0

I'm using the hclust function in a large script applied to a df like in this example:

HClust <- hclust(d = dist(model.matrix(~-1 + A + B + C + D, df))^2, method = "centroid")

I would like to specify only once the variables in the df, eg. MgO, Zn, CaO... and when I call hclust() I would like to have them automatically.

I've tried creating a vector which will include the dataframe variables in the format that I will use for the hclust call. But the resulting dendrogram is not correct.

  vars_for_clust <- paste(colnames(df),"+") 

which gives the following:

vars_for_clust
[1] "A+" "B+" "C+"

and used this vector in the hclust call:

  HClust <- hclust(d = dist(model.matrix(~-1 + vars_for_clust, df))^2, method = "centroid")

but something went wrong because even if it does not give an error, the resulting dendrogram is not correct (all the vertical lines are equal)

Thanks!!

Sample data in: https://github.com/esteful/kaixo

Esteful
  • 23
  • 4

1 Answers1

1

There are two problems here: 1. your use of paste and 2. your use of vars_for_clust as an argument to model.matrix.
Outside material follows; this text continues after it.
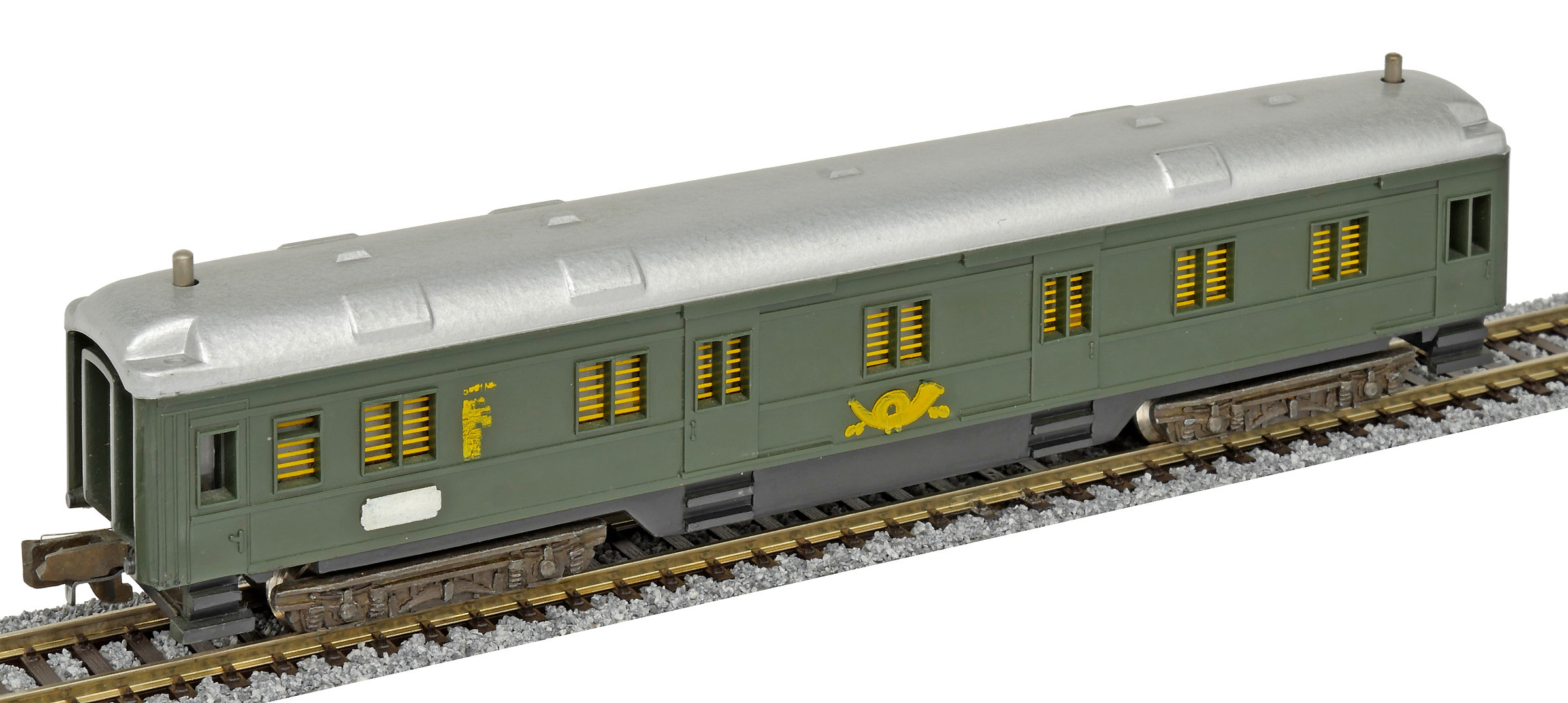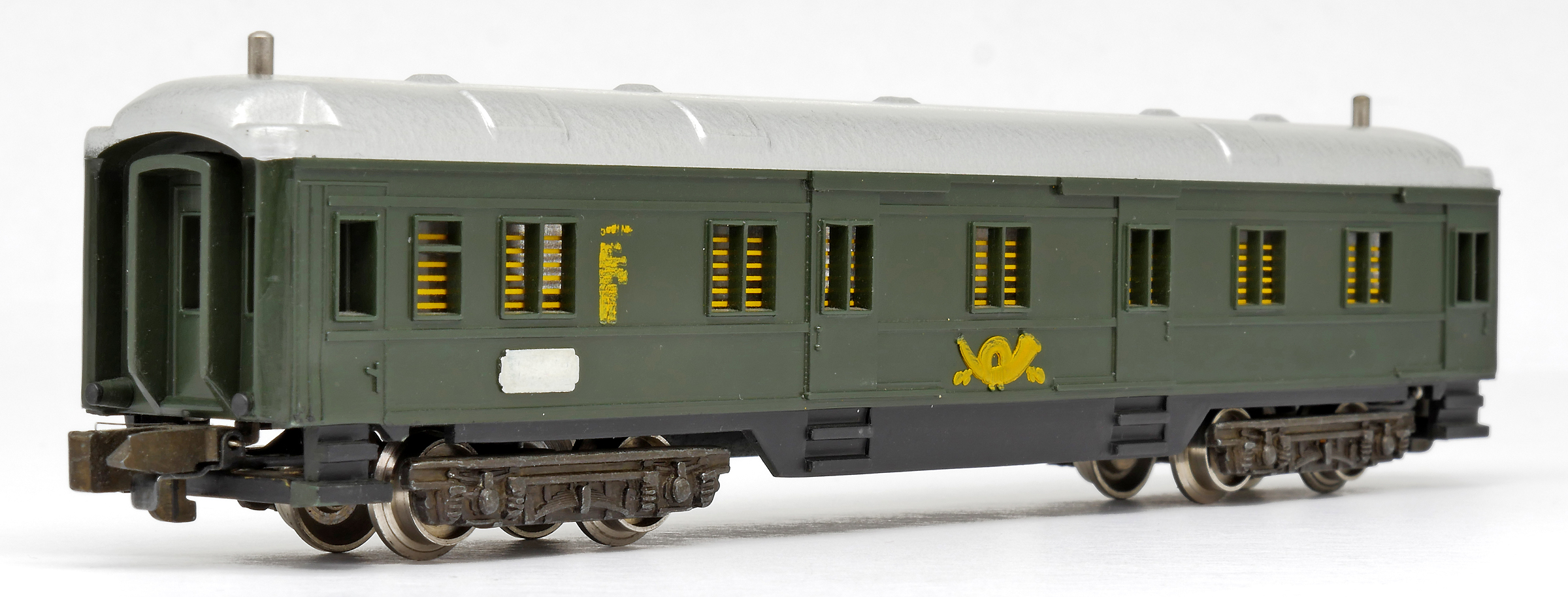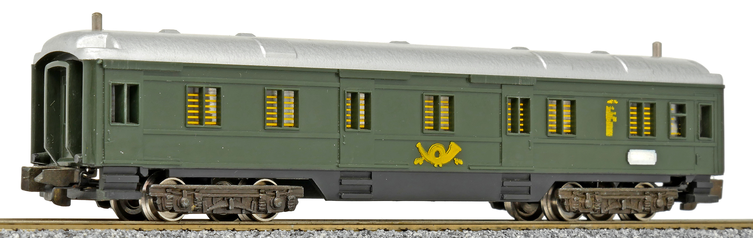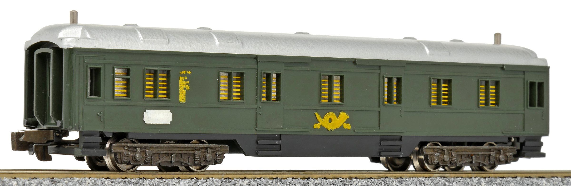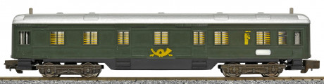 Osobní vozy --> Spěšné a osobní --> 2-osé a 3-osé rekonstruované --> [Tillig] [zelený s šedou střechou a záplatami, služební vůz]

To get what you need, you should construct the entire formula as a string and then convert it to a formula - like this:

(FormString <- paste(c("~ -1", colnames(df)), collapse=" + "))
[1] "~ -1 + A + B + C"
HClust <- hclust(d = dist(model.matrix(as.formula(FormString), df))^2, method = "centroid")
G5W
  • 36,531
  • 10
  • 47
  • 80